The ball's in Washington's court
While a lower tax rate would be great for Walgreen as a company, many have feared that consumers would find the move to Europe an un-American or unethical decision, and elect to use other pharmacies such as CVS (NYSE: CVS) or Rite Aid (NYSE: RAD) in the process. Perhaps this was the driving force behind Walgreen's decision.
However, it also puts Walgreen in a rare situation that we haven't yet seen among those companies with the opportunity for tax inversion. Walgreen is staying here in the U.S., but at any point it wants, the company could move to Switzerland for tax inversion.
Essentially, this puts the ball in Washington's court, to make changes to the U.S. tax code so that businesses don't have to pay so much, and are forced into drastic decisions in order to avoid paying obscene tax rates relative to the rest of the globe.
Losses make Walgreen a buy
Either way, regardless of what Walgreen decides long term, the stock is now presenting an incredible investment opportunity. Thanks to the near 15% stock losses it has seen in the last month, Walgreen is trading at 21.7 times trailing 12-month earnings.

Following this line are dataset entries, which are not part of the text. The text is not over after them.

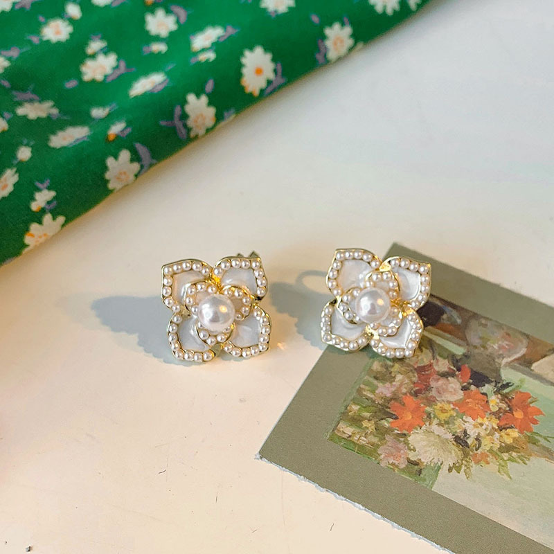 E119米白色花朵耳夹款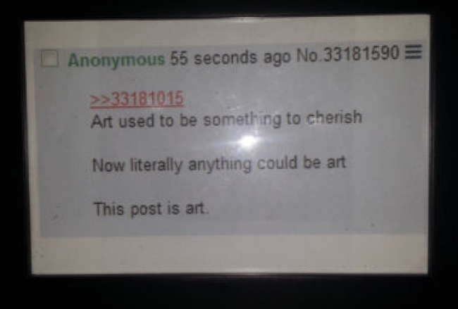 Роздруківка запису в інтернеті зі словами «Все може стати мистецтвом. Цей пост — мистецтво» була продана на eBay за $ 90,9 тис. всього через 36 годин після старту продажів.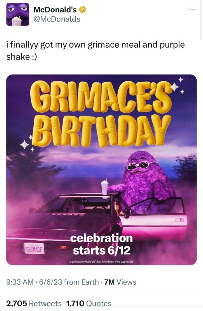 McDonald’s is celebrating their purple character, Grimace’s 52nd birthday this year — they skipped the 50th, which would have been a milestone to celebrate.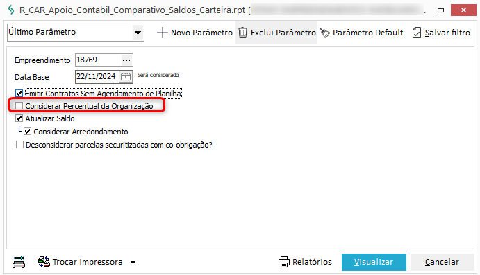 2. Execute o relatório 01) Posição Mensal Comparativa de Saldo (R_CAR_Apoio_Contabil_Comparativo_Saldos_Carteira.rpt) e desmarque o parâmetro 'Considerar Percentual da Organização', no filtro do relatório: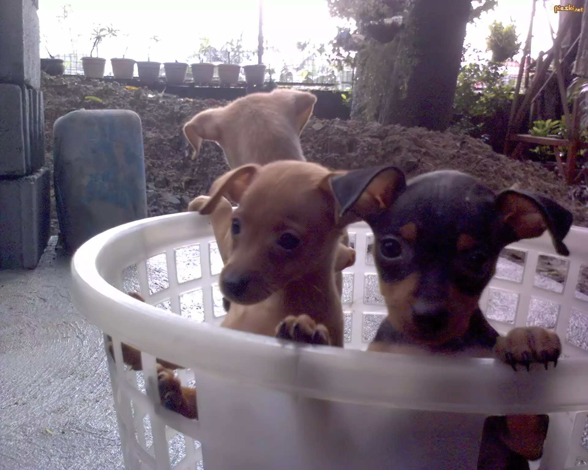Pies trzy, małe, pinczery miniaturowe

While its earnings might not be artificially catapulted by tax savings, the company will become incredibly larger once it acquires the remaining 55% of Alliance Boots. In retrospect, Walgreen has already paid $6.7 billion, and will pay the other $10 billion, which will likely lead to some minor stock dilution. Yet, given Walgreen's relatively low debt position compared to its assets, the company should be able to swallow Alliance with minimal impact on the stock.

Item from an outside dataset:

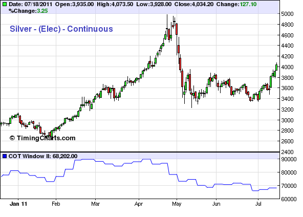 Der grosse Preissprung beim Gold hat aber zu rekordverdächtigen Verkäufen der Comms geführt. Die NSP ist um 42.247 angestiegen. Einen höheren Wert mit 54.089 gab es in den letzten Jahren nur am 8.9.2009. Damals war der POG ebenfalls um 50 USD in einer Woche gestiegen. Was dann zu einer 3 wöchigen Konsolidierung führte.

With that said, Walgreen will gain a company that grew revenue 4.3% in fiscal 2014 to $32 billion while net profit soared 31% to $1.3 billion. Hence, Walgreen's revenue will jump 40% and its profit nearly 50%. If the company increases its shares outstanding by 100 million shares to acquire Alliance, Walgreen would trade at roughly 0.60 times sales and less than 16 times trailing 12-month earnings.

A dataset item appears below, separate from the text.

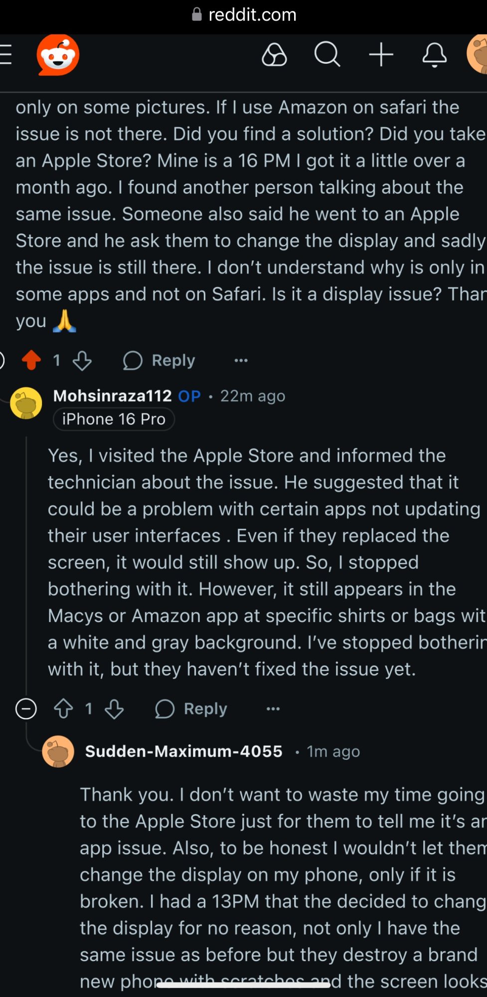 When I am in certain applications, mainly shopping apps, I sometimes get these white horizontal lines appearing whilst scrolling up and down. I have attached a video of the issue. I have taken it to Apple and they completely replaced the screen but I am still getting this issue. Has anyone else had this problem?

Keep in mind, this doesn't account for future revenue or margin growth, both of which Walgreen and Alliance have seen consistently. Therefore, from a stock value perspective, Walgreen doesn't need Europe, but now that we know for certain that it's acquiring Alliance, the upside value is apparent, while the opportunity for tax inversion will always remain if the U.S. fails to act.
The U.S. shows progress, but still has a lot of work
With that said, the U.S. has shown at least some willingness to make changes to benefit large corporations that pay the most in taxes. Most recently, the IRS gave Windstream (NASDAQ: WIN) a favorable ruling to spin many of its fiber and copper networks into publicly traded REITs. Importantly, such a move is tax-free, as Windstream's revenue-generating businesses will no longer be viewed as such, but rather as real estate to the IRS.
Perhaps with Walgreen's large real estate presence it was encouraged with the IRS's ruling, one that's a bit odd given the fact that REITs historically own but do not operate assets, like a mall owner. Either way, it was a show of action on behalf of Washington to look at certain assets of a business and then make changes to the way taxes are paid.
So, might this be the start of widespread changes within the U.S. tax system? At this point, Walgreen holds the greatest leverage over the U.S. to force such change, as it could theoretically pack up and move to Switzerland at any time after it completes the purchase of Alliance Boots. For small and medium sized businesses, Walgreen might just be your best friend, a company that created controversy with the threat of tax inversion, and which is large enough to force substantial changes to the corporate tax code.
After all, in business when you're not competitive, you lose customers. In this particular case, the U.S. is not competitive with corporate taxes, yet Walgreen is showing a willingness to stay loyal. Although, how long will that loyalty last if the U.S. makes no effort to change? Probably not long!
Either way, Walgreen remains a great investment opportunity due to the acquisition of Alliance Boots, and its continued revenue and margin growth.